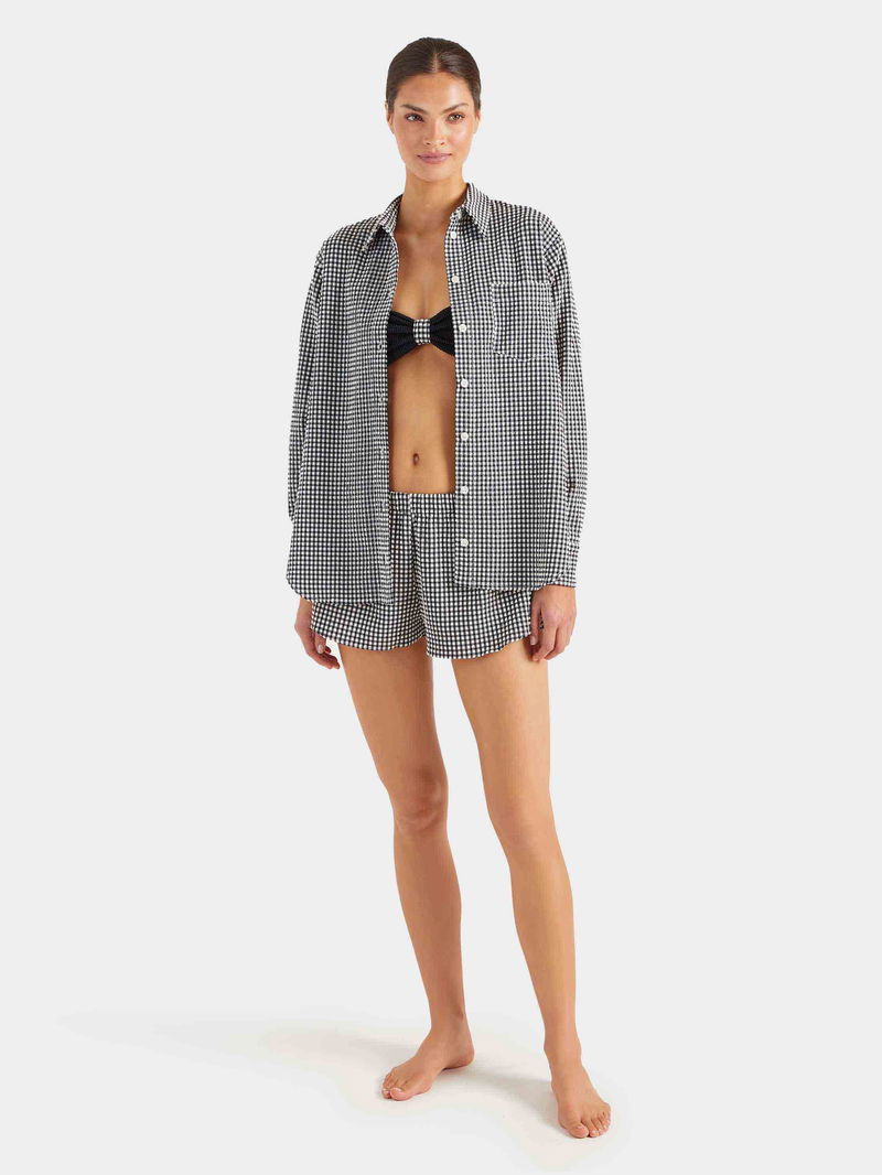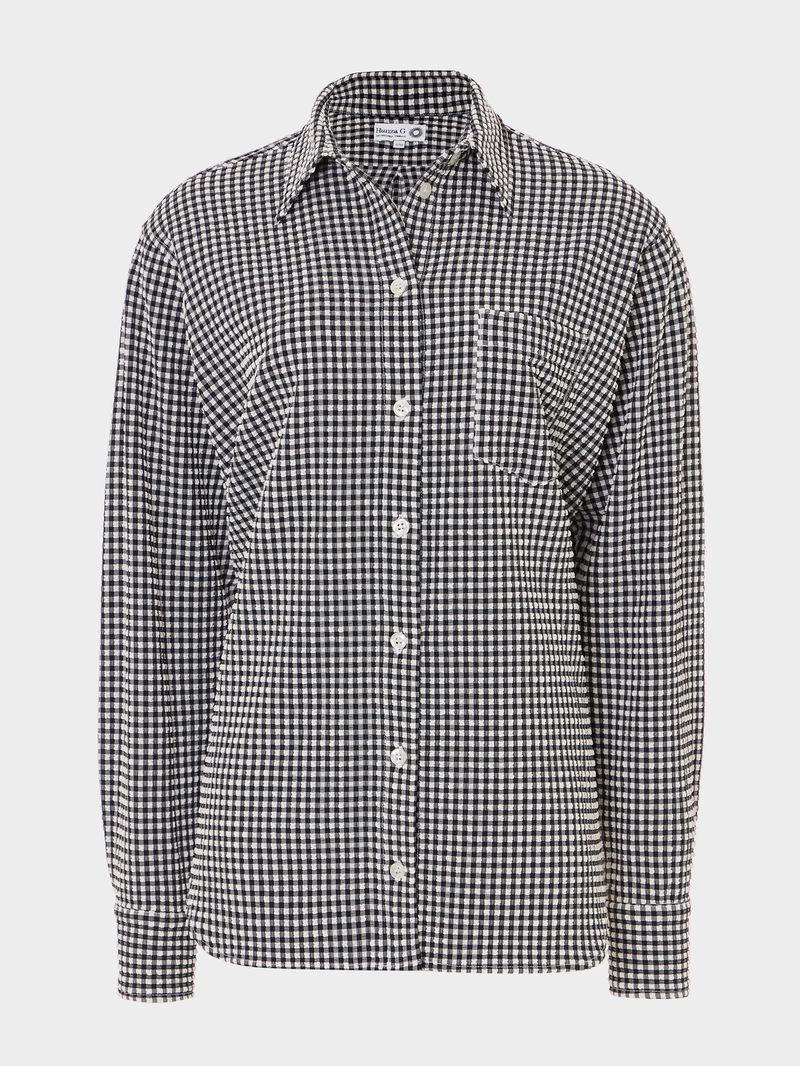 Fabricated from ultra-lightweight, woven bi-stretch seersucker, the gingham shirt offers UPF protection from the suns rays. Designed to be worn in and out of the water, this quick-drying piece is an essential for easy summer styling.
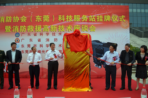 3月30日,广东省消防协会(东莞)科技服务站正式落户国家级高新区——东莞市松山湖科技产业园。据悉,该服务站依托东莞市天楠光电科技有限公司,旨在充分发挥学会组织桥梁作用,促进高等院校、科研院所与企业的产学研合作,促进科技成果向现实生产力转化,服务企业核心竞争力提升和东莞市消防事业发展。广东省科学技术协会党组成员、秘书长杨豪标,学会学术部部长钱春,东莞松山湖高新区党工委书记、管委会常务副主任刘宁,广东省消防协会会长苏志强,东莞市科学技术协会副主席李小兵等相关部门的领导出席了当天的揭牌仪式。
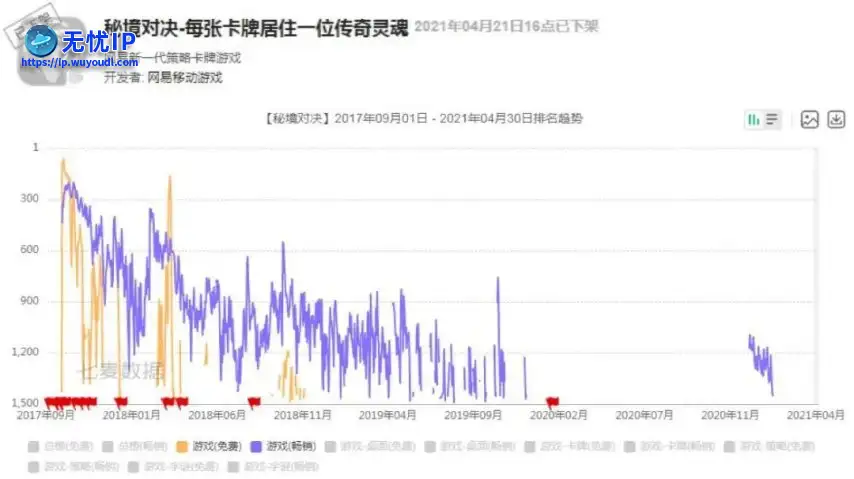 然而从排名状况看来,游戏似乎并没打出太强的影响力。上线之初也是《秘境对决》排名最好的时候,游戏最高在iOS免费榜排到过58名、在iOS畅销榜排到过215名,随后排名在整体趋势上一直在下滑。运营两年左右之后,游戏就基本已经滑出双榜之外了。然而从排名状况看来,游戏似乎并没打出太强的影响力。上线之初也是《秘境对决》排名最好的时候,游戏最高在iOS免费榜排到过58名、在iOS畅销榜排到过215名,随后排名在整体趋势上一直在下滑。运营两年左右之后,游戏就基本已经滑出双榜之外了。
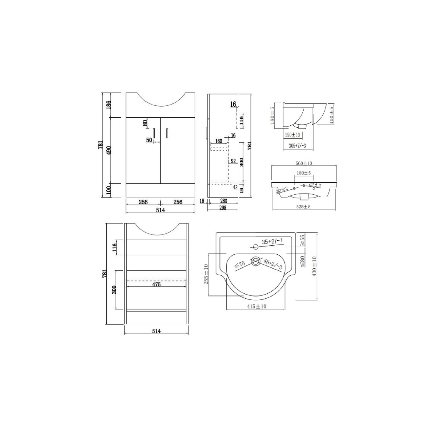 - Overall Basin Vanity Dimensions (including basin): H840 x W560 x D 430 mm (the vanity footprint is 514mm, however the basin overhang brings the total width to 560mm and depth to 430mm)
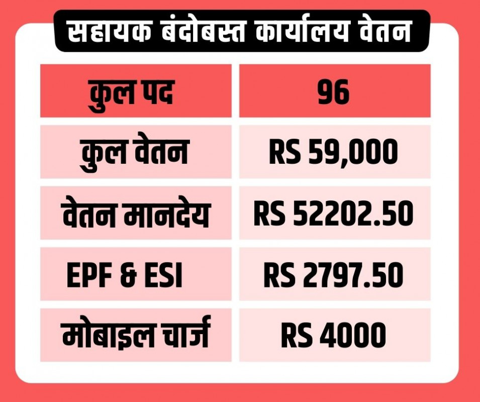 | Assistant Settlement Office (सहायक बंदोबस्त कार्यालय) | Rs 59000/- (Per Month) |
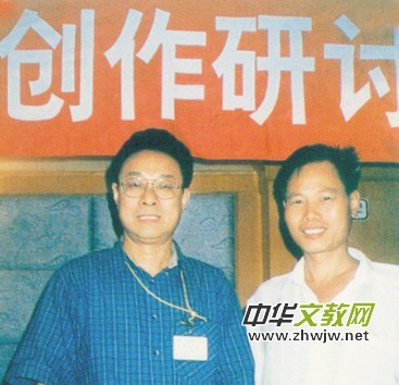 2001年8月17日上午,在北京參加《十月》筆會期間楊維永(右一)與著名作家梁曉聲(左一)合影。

——————————

**WHAT THE EXERCISE ASKS**
Pictures should be omitted. Please return exactly the lines from the line that holds "- Overall Basin" through the end of the records.

**YOUR SOLUTION**
 - Overall Basin Vanity Dimensions (including basin): H840 x W560 x D 430 mm (the vanity footprint is 514mm, however the basin overhang brings the total width to 560mm and depth to 430mm)
 | Assistant Settlement Office (सहायक बंदोबस्त कार्यालय) | Rs 59000/- (Per Month) |
 2001年8月17日上午,在北京參加《十月》筆會期間楊維永(右一)與著名作家梁曉聲(左一)合影。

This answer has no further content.